1. The Applicant used the unfair dismissal jurisdiction to harass the Respondent in respect of the draft deed of settlement that arose from the informal settlement conference that took place on 4 November 2020.

2. Further on 10 December 2020, the Applicant’s solicitor wrote in response to a settlement proposal: “The unfair dismissal proceedings were filed to protect our client’s position on the employment aspect. They will be discontinued once your client prepares a Deed that includes payment of the entitlements he shall be receiving, as agreed. If your client doesn’t want to pay them, that’s their choice. But the court will require it. So you choose.

The above was submitted to clearly show that the unfair dismissal claim was used by the Applicant to attempt to bargain for more in settlement than to address an actual unfair dismissal.

[50] Regarding the claim against the Applicant’s solicitor (Mr Kutasi), the Respondent submitted that Mr Kutasi encouraged (and possibly initiated on his own) the Applicant to start the unfair dismissal application, when it should have been reasonably apparent to Mr Kutasi that the Applicant had no reasonable prospect of success for the reasons set out in the Respondent’s response to the application filed by way of form F3 and form F4 on 4 December 2020.

[51] Even if it was not apparent to the Applicant’s solicitor on 4 December 2020, that the Applicant had no reasonable prospect of success, when the Respondent filed on 14 December 2020 to amend its form F3 to allow the Applicant to be reinstated and to offer an apology if the Commission held that there had been a dismissal, the Applicant’s solicitor:

1. Omitted to respond to the offer of an apology and to reinstate the Applicant. That was unreasonable because these were two of the three remedies that the Applicant applied for;

2. Brought into the conciliation conference matters that were not set out in the form F2 and which had nothing to do with the unfair dismissal application;

3. Failed on every occasion to comply with the directions of the Commission to file submissions, witness statements and other documentary materials;

4. Failed to discontinue the UD Application on or before 29 January 2021, when the Applicant had executed a settlement agreement on 22 December 2020 and this settlement agreement required the Applicant to discontinue the UD Application immediately;

5. Claimed that there was no settlement when a delivery receipt showed that the settlement deed was received by the Applicant’s solicitor on the same day that it was sent; and

6. Omitted to discontinue the UD Application until 3 March 2021, with less than three business hours’ notice before the hearing was listed for 4 March 2021.

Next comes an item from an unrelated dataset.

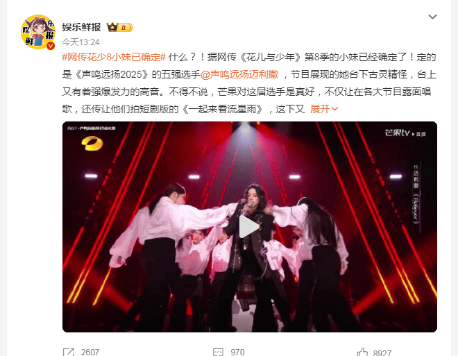 今日,传出《花儿与少年》第八季(花少8)“小妹”人选,目前爱配投资集中指向音乐综艺《声鸣远扬2025》的五强选手迈利撒(亦被称作麦丽萨)。不过,截至2026年1月13日,芒果TV官方尚未公布任何阵容信息。
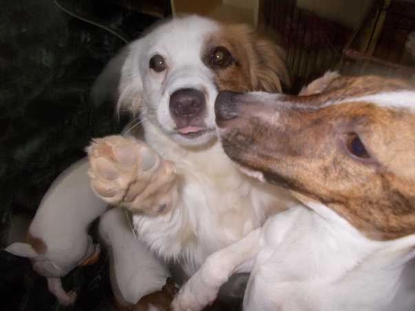 Do un’occhiata discreta ai cuccioli, sorrido come una beota, neanche li avessi partoriti io, scatto una foto ed Orlando è già tornata, abbasso una mano per farmi afferrare il pollice tra i denti e sacramento orribilmente dentro di me, perchè stringe da matti. E’ il suo bacetto del mattino. Siccome col solo respiro abbatte un bufalo a 10 metri, ringrazio la sorte per la masticata di pollice e vado ad aprire ai Superni che aspettano. In silenzio.

Applicant’s/Costs Respondent’s Submission

[52] The Applicant responded to each alleged unreasonable act or omission. Those submissions were as follows:

(1) The First Unreasonable Act or Omission – This was submitted to be an absurd and desperate claim. The Applicant’s solicitor noted that subsequent to the settlement conference on 4 November 2020, there was not any execution of the proposed agreement. Additionally, while having advised its employees that the Applicant was redundant, the Respondent’s solicitor claimed that did not somehow constitute termination of employment. As such, and in response to that illogical position and volatile conduct of the Respondent’s solicitor, the Applicant quite reasonably lodged his UD Application in order to protect his interests.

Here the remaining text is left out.